======== RECORDS PROVIDED ========

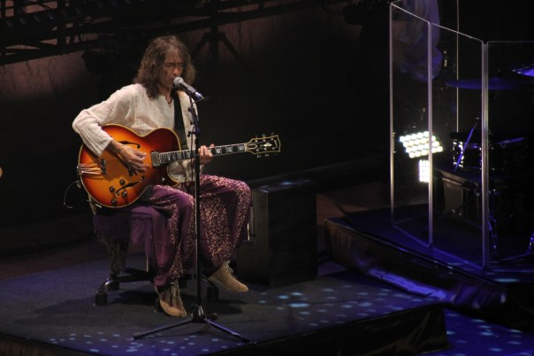 Veinte minutos después arrancaría la segunda parte del espectáculo, que Robe ejecuta en pie, con más brío, quizá más convencional, al estar formado por canciones en las que Lerman demuestra su maestría al bajo. ‘Cartas Desde Gaia’, introducida por Robe con el primer verso de ‘Extremaydura’ que completará el público de manera coral bajo su sonrisa cómplice, es la encargada de prender una mecha de un tramo enérgico y vigorizante. ‘De Manera Urgente’ saca a relucir las reconocidas influencias flamencas del extremeño, mientras que ‘Puta Humanidad’ es celebrada por su concreción más rockera. Todo vuela ya a una velocidad vertiginosa. Ver de pie a Robe, paseando en tramos instrumentales para vivir momentos de complicidad con todos y cada uno de los músicos alegra la vista. También tenerlo más cerca y verle los ojos expresar con miradas las líneas más cargadas de significado de sus canciones. La sensación de paz sigue y llega ‘Del Tiempo Perdido’, ese canto de asunción a la madurez y ese diálogo de violín y clarinete tan de música clásica, con los versos de Manolillo Chinato como presentación.
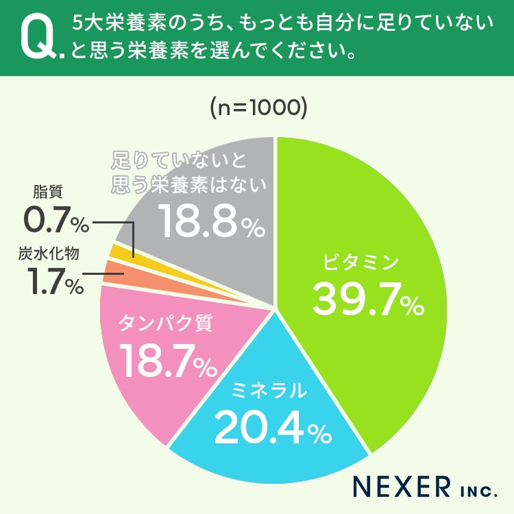 39.7%の方が、5大栄養素のうち「ビタミンがもっとも足りていないと思う」と回答しています。
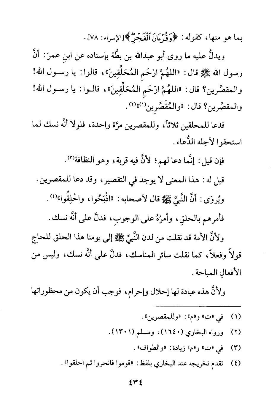 ويدل عليه ما روى أبو عبد الله بن بطة بإسناده عن ابن عمر: أن رسول الله صلى الله عليه وسلم قال: ((اللهم ارحم المحلقين)) , قالوا: يا رسول الله!
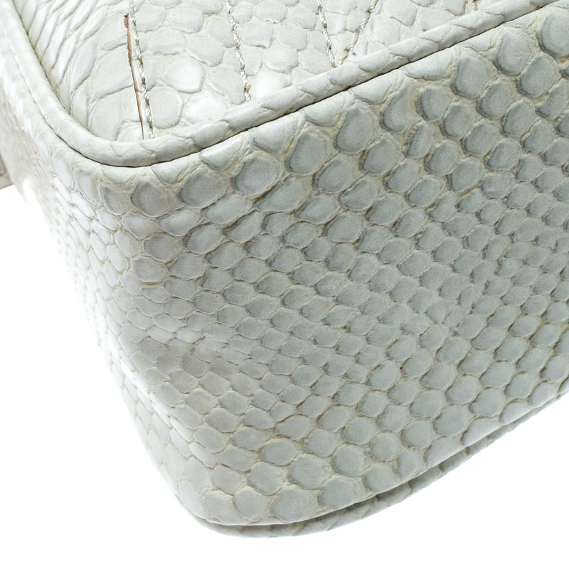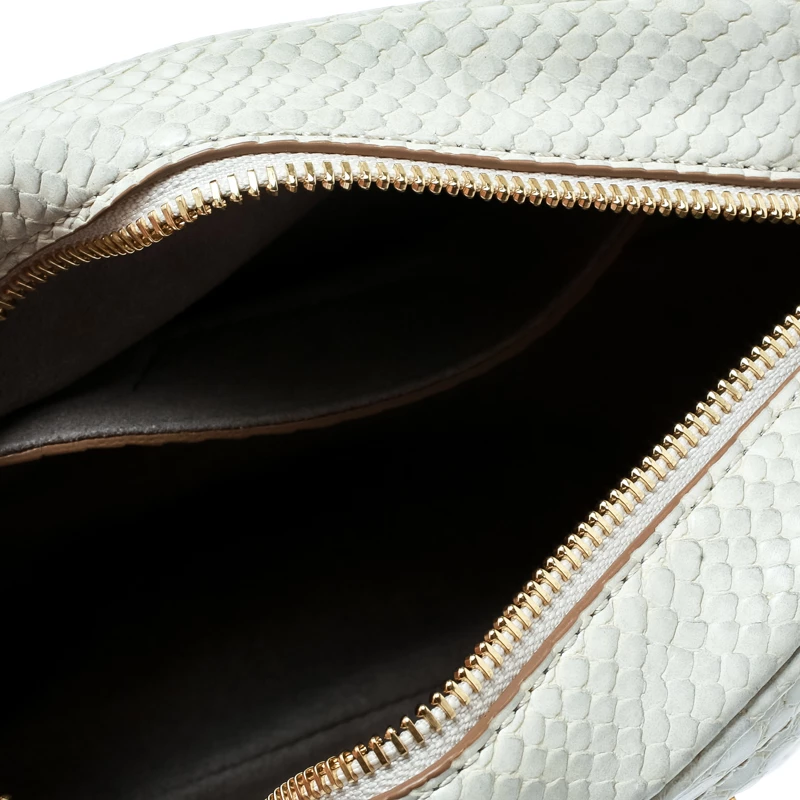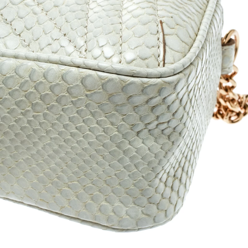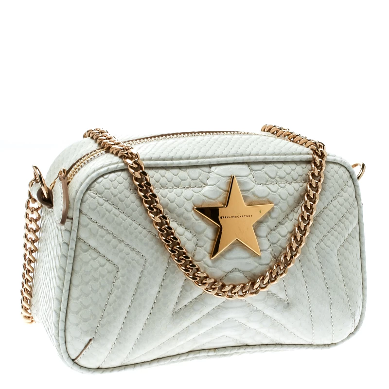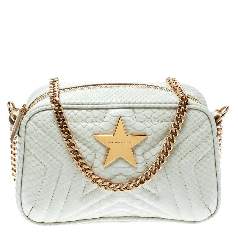 Carefully designed to evoke a grand and stately look, this faux python bag is sure to make heads turn. Its exterior is accented quilted patterns and a gold-tone star motif at the front face. The faux suede lining ensures an immaculate finish. Fall in love with this absolutely dashing bag from Stella McCartney. Add a trendy touch to your look with this white bag.
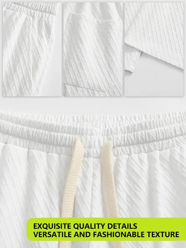 Coofandy Men's Summer Beach Outfit 2-Piece Short Sleeve Shirt & Shorts Set in Premium Linen Texture Fabric for Vacation & Casual Wear
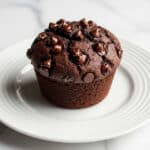 These Irresistible Double Chocolate Chip Muffins are rich, moist, and loaded with chocolate chips both inside and on top. Perfect for breakfast, a snack, or dessert, the combination of cocoa powder and chocolate chips creates a deeply chocolatey treat that’s easy to make and sure to satisfy any chocolate lover’s cravings.
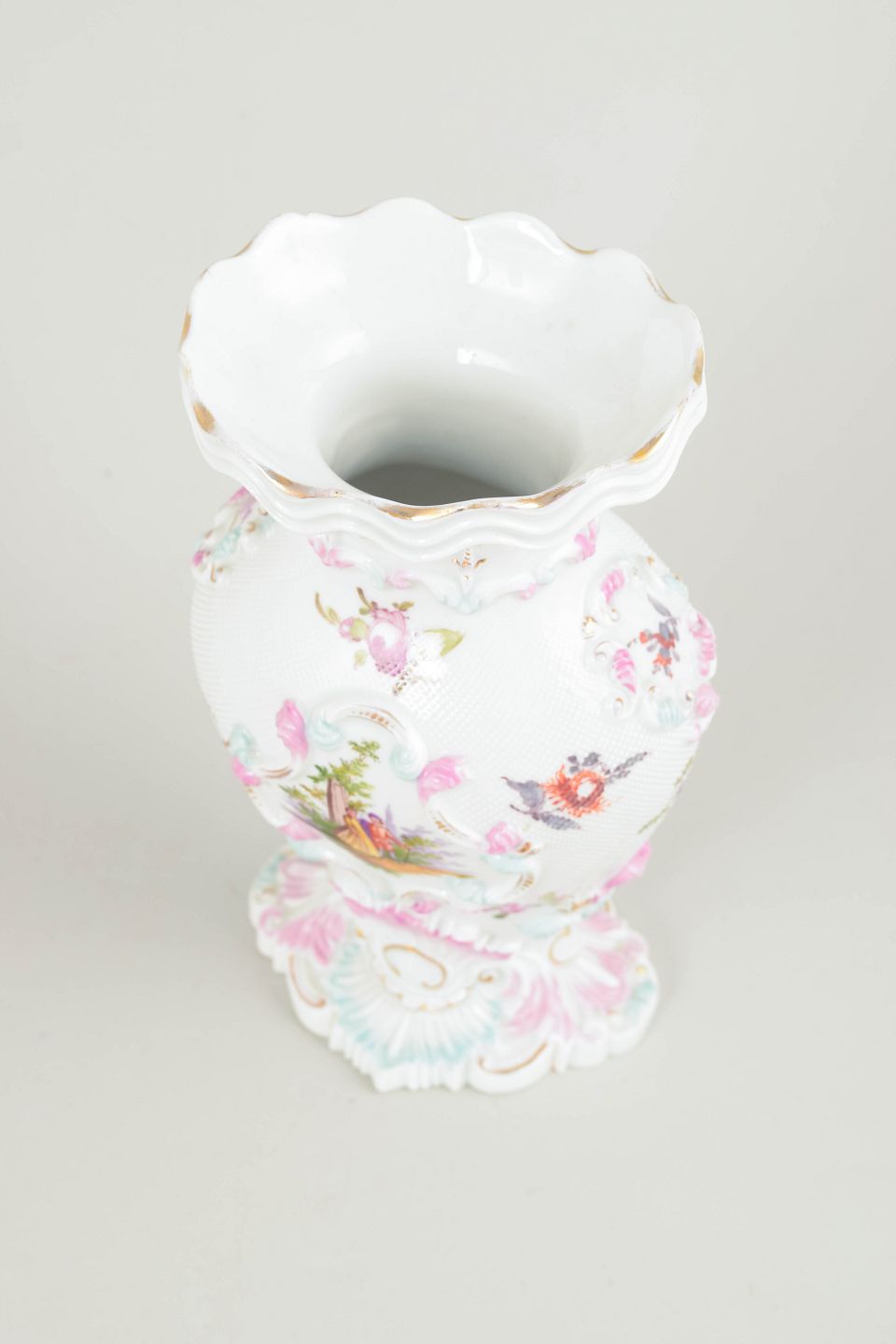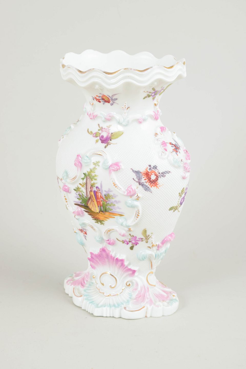 Rare porcelain vase with rich relief modelling and hand-painted polychrome floral and landscape decoration. Shaped foot and scalloped rim. A fine example of Meissen’s decorative porcelain production from the early 19th century.
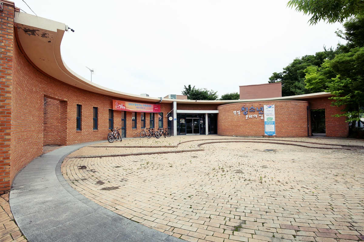 안성면 행정복지센터 후문과 마주한 청소년의 집 앞마당은 둥근 원을 중심으로 반원형의 나지막한 단층 건물이다. 건축가는 원은 해이고, 그곳을 향해 날아가는 새를 표현했다고 했다. ‘해를 좇는 새’, 해를 향해 태양을 향해 날아가는 청소년이 이 공간의 주인공이다. 정기용 건축가가 설계한 30여 채의 무주 공공건축물 중에 드물게 직각을 탈피한 건물이다.
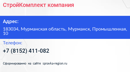 СтройКомплект, компания по адресу 183034, Мурманская область, Мурманск, Промышленная, 10 в дальнейшем Организация, размещена в следующих категориях:
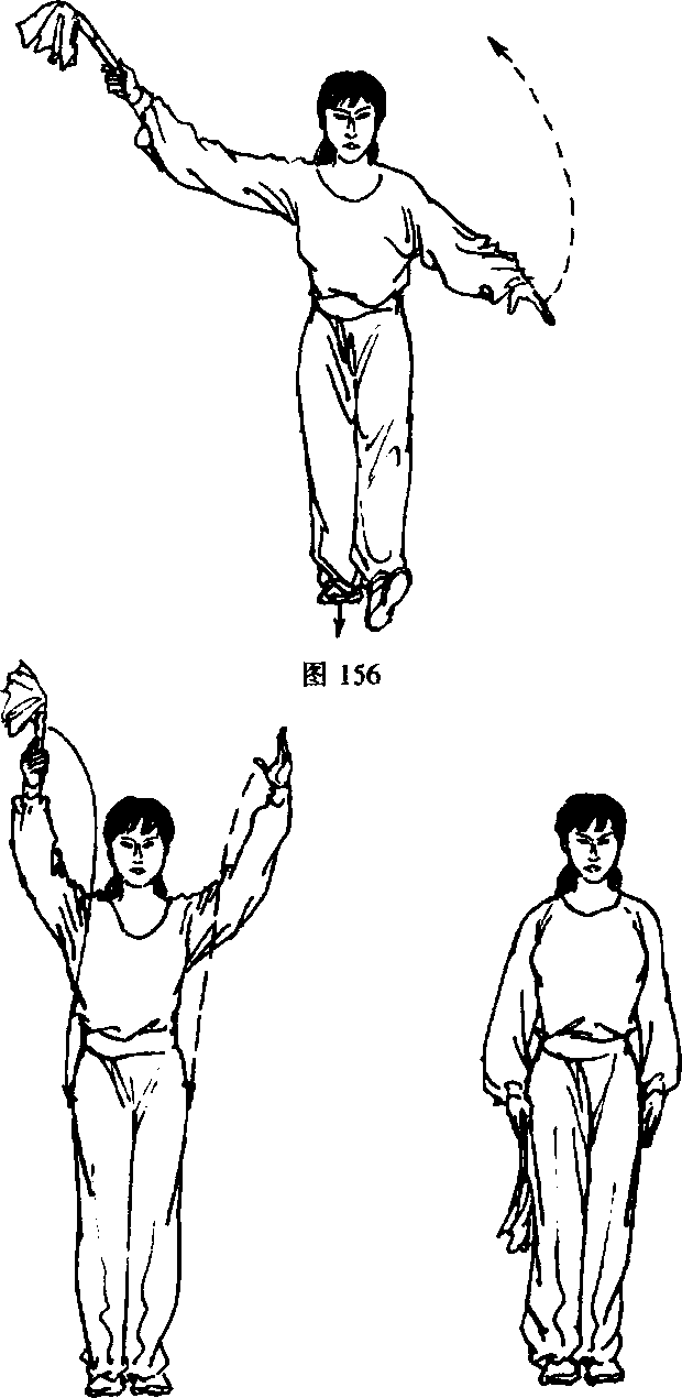 3 .两腿自然伸直,两手臂向前下落至身体两侧收式°目 视前方(图158) o

========

THE PROBLEM:
Could you return each entry word for word, with the images omitted?

ANSWER BOX:
 Veinte minutos después arrancaría la segunda parte del espectáculo, que Robe ejecuta en pie, con más brío, quizá más convencional, al estar formado por canciones en las que Lerman demuestra su maestría al bajo. ‘Cartas Desde Gaia’, introducida por Robe con el primer verso de ‘Extremaydura’ que completará el público de manera coral bajo su sonrisa cómplice, es la encargada de prender una mecha de un tramo enérgico y vigorizante. ‘De Manera Urgente’ saca a relucir las reconocidas influencias flamencas del extremeño, mientras que ‘Puta Humanidad’ es celebrada por su concreción más rockera. Todo vuela ya a una velocidad vertiginosa. Ver de pie a Robe, paseando en tramos instrumentales para vivir momentos de complicidad con todos y cada uno de los músicos alegra la vista. También tenerlo más cerca y verle los ojos expresar con miradas las líneas más cargadas de significado de sus canciones. La sensación de paz sigue y llega ‘Del Tiempo Perdido’, ese canto de asunción a la madurez y ese diálogo de violín y clarinete tan de música clásica, con los versos de Manolillo Chinato como presentación.
 39.7%の方が、5大栄養素のうち「ビタミンがもっとも足りていないと思う」と回答しています。
 ويدل عليه ما روى أبو عبد الله بن بطة بإسناده عن ابن عمر: أن رسول الله صلى الله عليه وسلم قال: ((اللهم ارحم المحلقين)) , قالوا: يا رسول الله!
 Carefully designed to evoke a grand and stately look, this faux python bag is sure to make heads turn. Its exterior is accented quilted patterns and a gold-tone star motif at the front face. The faux suede lining ensures an immaculate finish. Fall in love with this absolutely dashing bag from Stella McCartney. Add a trendy touch to your look with this white bag.
 Coofandy Men's Summer Beach Outfit 2-Piece Short Sleeve Shirt & Shorts Set in Premium Linen Texture Fabric for Vacation & Casual Wear
 These Irresistible Double Chocolate Chip Muffins are rich, moist, and loaded with chocolate chips both inside and on top. Perfect for breakfast, a snack, or dessert, the combination of cocoa powder and chocolate chips creates a deeply chocolatey treat that’s easy to make and sure to satisfy any chocolate lover’s cravings.
 Rare porcelain vase with rich relief modelling and hand-painted polychrome floral and landscape decoration. Shaped foot and scalloped rim. A fine example of Meissen’s decorative porcelain production from the early 19th century.
 안성면 행정복지센터 후문과 마주한 청소년의 집 앞마당은 둥근 원을 중심으로 반원형의 나지막한 단층 건물이다. 건축가는 원은 해이고, 그곳을 향해 날아가는 새를 표현했다고 했다. ‘해를 좇는 새’, 해를 향해 태양을 향해 날아가는 청소년이 이 공간의 주인공이다. 정기용 건축가가 설계한 30여 채의 무주 공공건축물 중에 드물게 직각을 탈피한 건물이다.
 СтройКомплект, компания по адресу 183034, Мурманская область, Мурманск, Промышленная, 10 в дальнейшем Организация, размещена в следующих категориях:
 3 .两腿自然伸直,两手臂向前下落至身体两侧收式°目 视前方(图158) o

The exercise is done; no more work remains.